Exercise material:

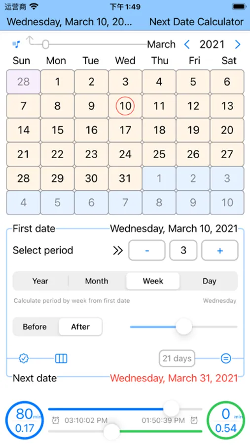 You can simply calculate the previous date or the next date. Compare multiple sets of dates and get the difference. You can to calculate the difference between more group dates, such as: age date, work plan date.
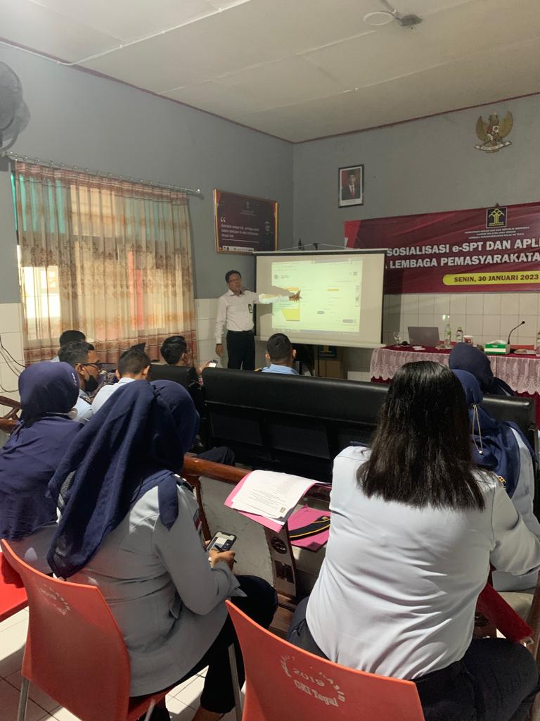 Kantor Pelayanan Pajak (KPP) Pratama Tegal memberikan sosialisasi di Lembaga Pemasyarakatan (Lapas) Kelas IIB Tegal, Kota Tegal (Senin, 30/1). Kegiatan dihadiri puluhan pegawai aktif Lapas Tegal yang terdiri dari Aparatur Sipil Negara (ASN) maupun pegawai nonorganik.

--

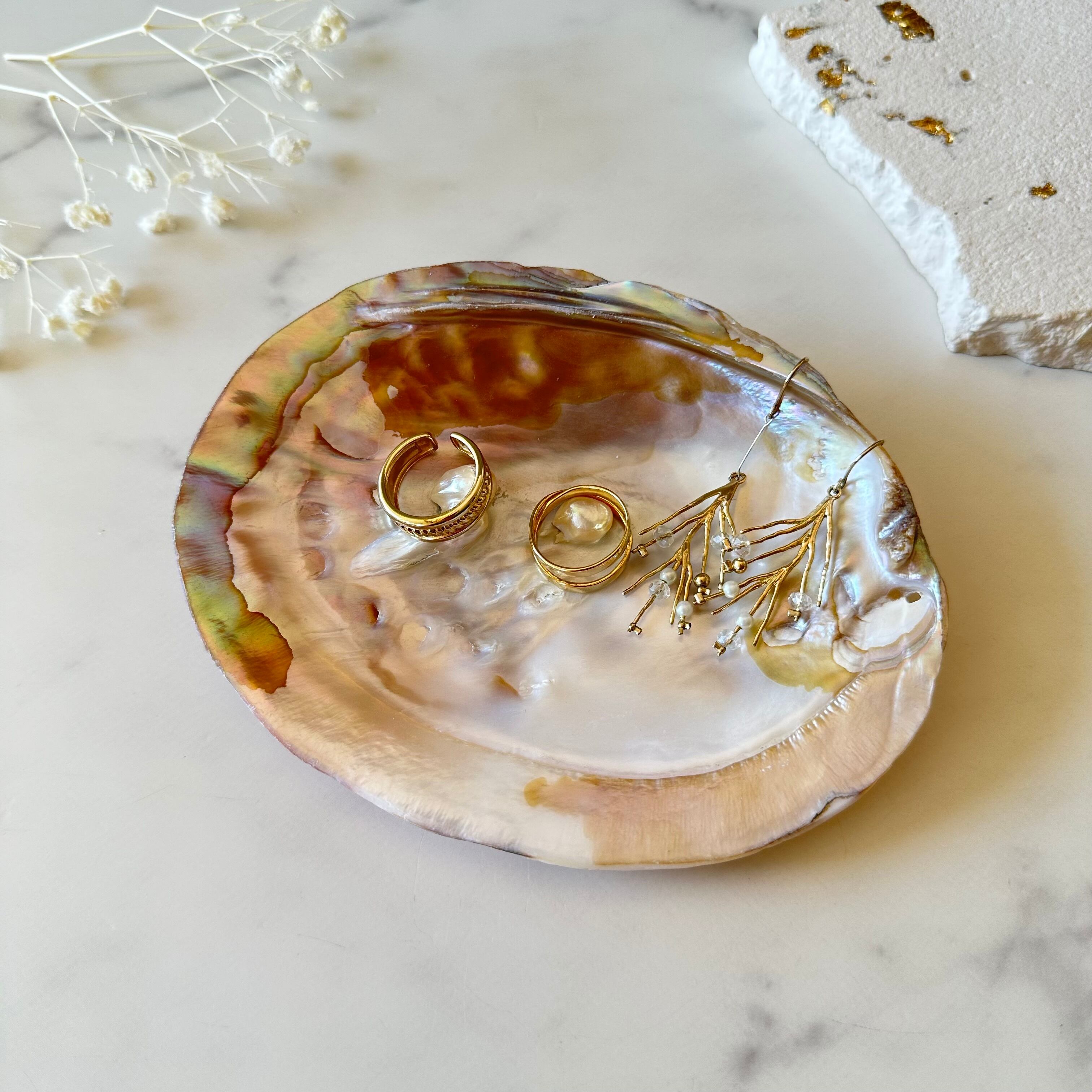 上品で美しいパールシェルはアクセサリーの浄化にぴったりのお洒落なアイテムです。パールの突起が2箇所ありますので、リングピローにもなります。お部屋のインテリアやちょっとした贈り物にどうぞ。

Task brief:
Once the line with "You can simply" is found above, print it and every line after it through the line with "Kantor Pelayanan Pajak", exactly. Pictures stay out.

Finished task:
 You can simply calculate the previous date or the next date. Compare multiple sets of dates and get the difference. You can to calculate the difference between more group dates, such as: age date, work plan date.
 Kantor Pelayanan Pajak (KPP) Pratama Tegal memberikan sosialisasi di Lembaga Pemasyarakatan (Lapas) Kelas IIB Tegal, Kota Tegal (Senin, 30/1). Kegiatan dihadiri puluhan pegawai aktif Lapas Tegal yang terdiri dari Aparatur Sipil Negara (ASN) maupun pegawai nonorganik.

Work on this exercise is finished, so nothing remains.